● **Task item**
Take nothing but the lines from the one with "JAC EV sales in Sept: 23,085" through the one with "ويقال: شرابٌ موبولةٌ" in the entries below, both ends kept, and return them exactly with pictures left out.
══ Material to process ══
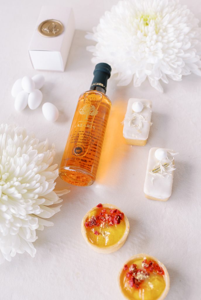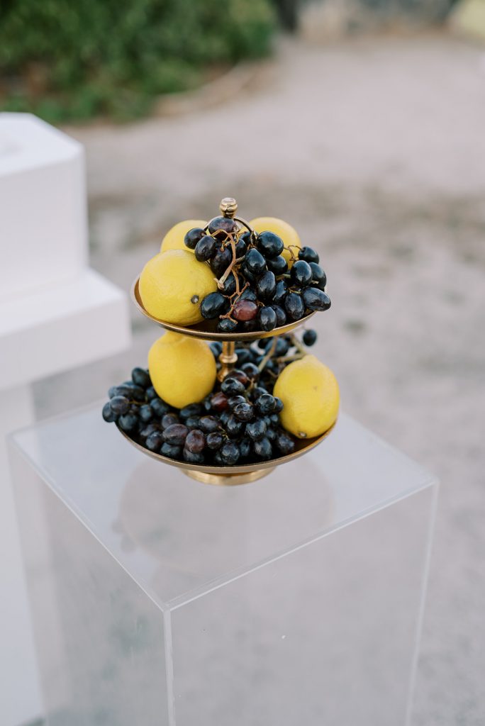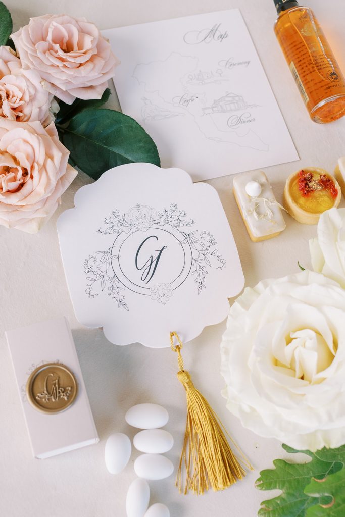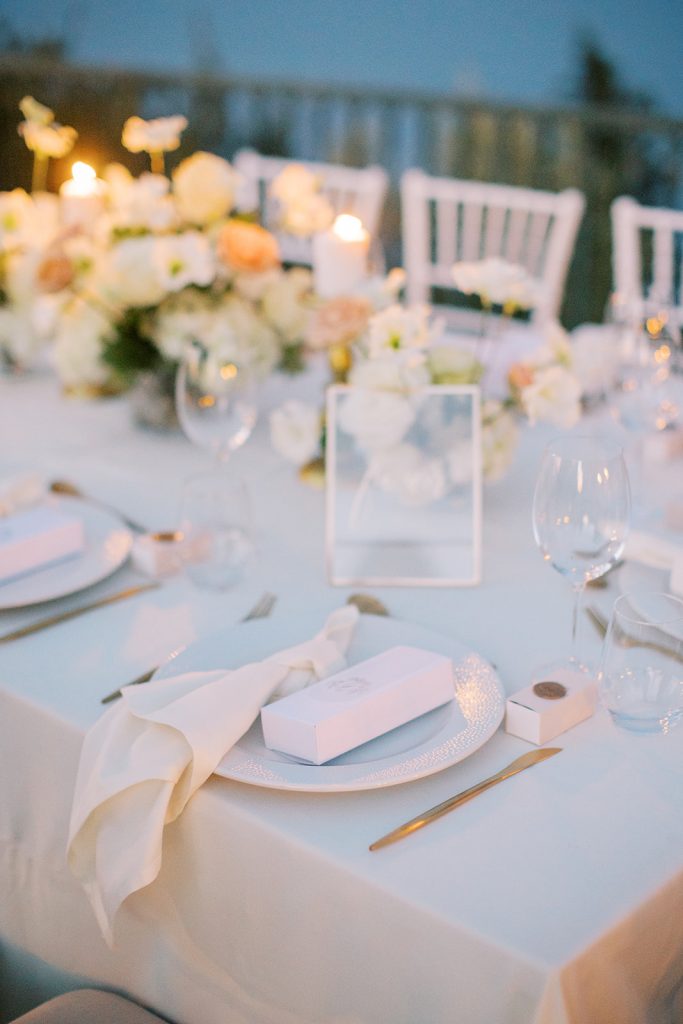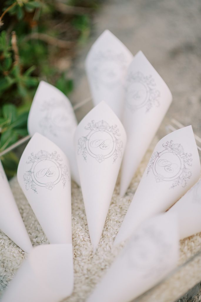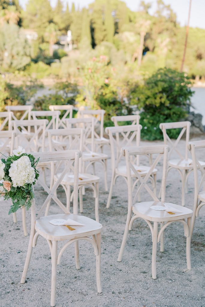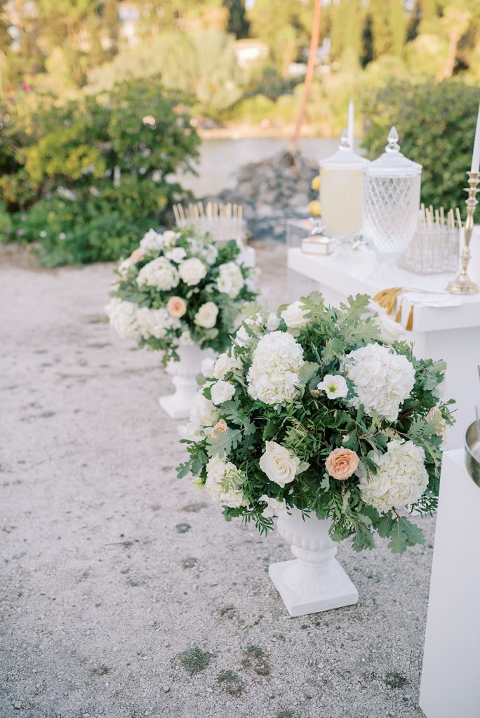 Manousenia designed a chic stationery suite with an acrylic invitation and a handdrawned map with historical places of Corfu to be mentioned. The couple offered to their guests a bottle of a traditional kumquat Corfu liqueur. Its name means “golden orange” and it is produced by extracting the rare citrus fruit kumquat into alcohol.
═══
══ Material to process ══
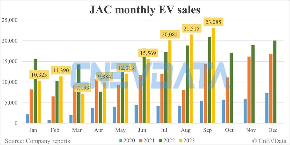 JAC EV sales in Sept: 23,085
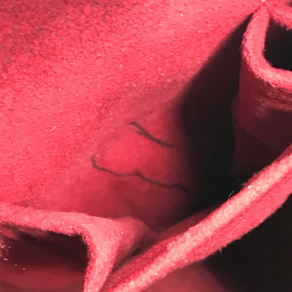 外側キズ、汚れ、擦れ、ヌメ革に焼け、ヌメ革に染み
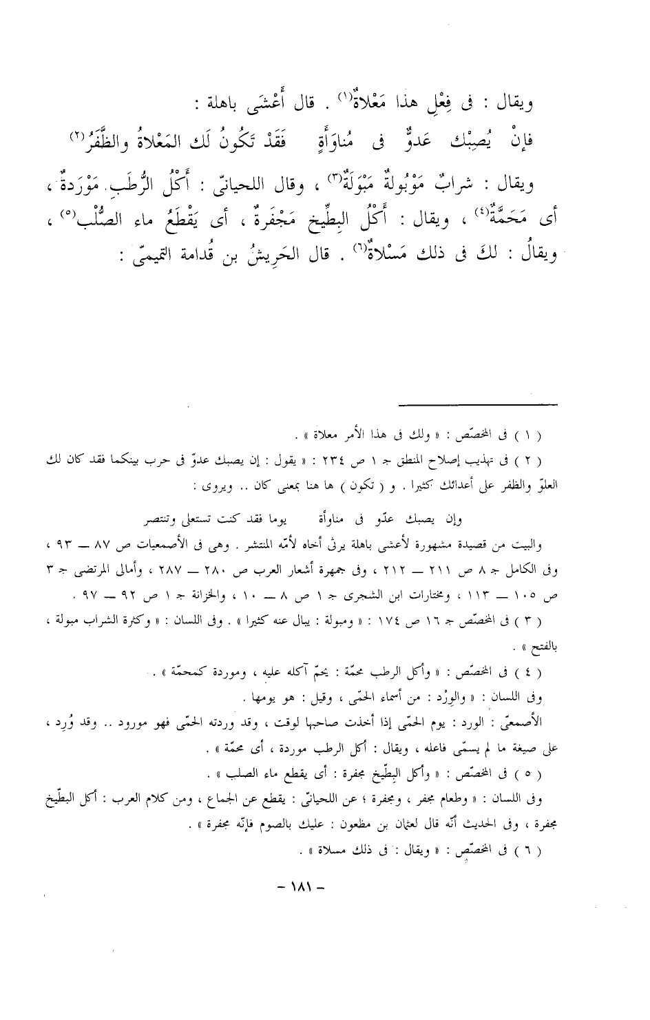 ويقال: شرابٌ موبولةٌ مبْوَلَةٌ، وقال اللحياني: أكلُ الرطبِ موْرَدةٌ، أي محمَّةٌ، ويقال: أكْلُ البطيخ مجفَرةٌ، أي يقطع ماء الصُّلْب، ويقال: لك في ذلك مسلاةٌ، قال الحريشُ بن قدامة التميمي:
═══
● **Exercise result**
 JAC EV sales in Sept: 23,085
 外側キズ、汚れ、擦れ、ヌメ革に焼け、ヌメ革に染み
 ويقال: شرابٌ موبولةٌ مبْوَلَةٌ، وقال اللحياني: أكلُ الرطبِ موْرَدةٌ، أي محمَّةٌ، ويقال: أكْلُ البطيخ مجفَرةٌ، أي يقطع ماء الصُّلْب، ويقال: لك في ذلك مسلاةٌ، قال الحريشُ بن قدامة التميمي:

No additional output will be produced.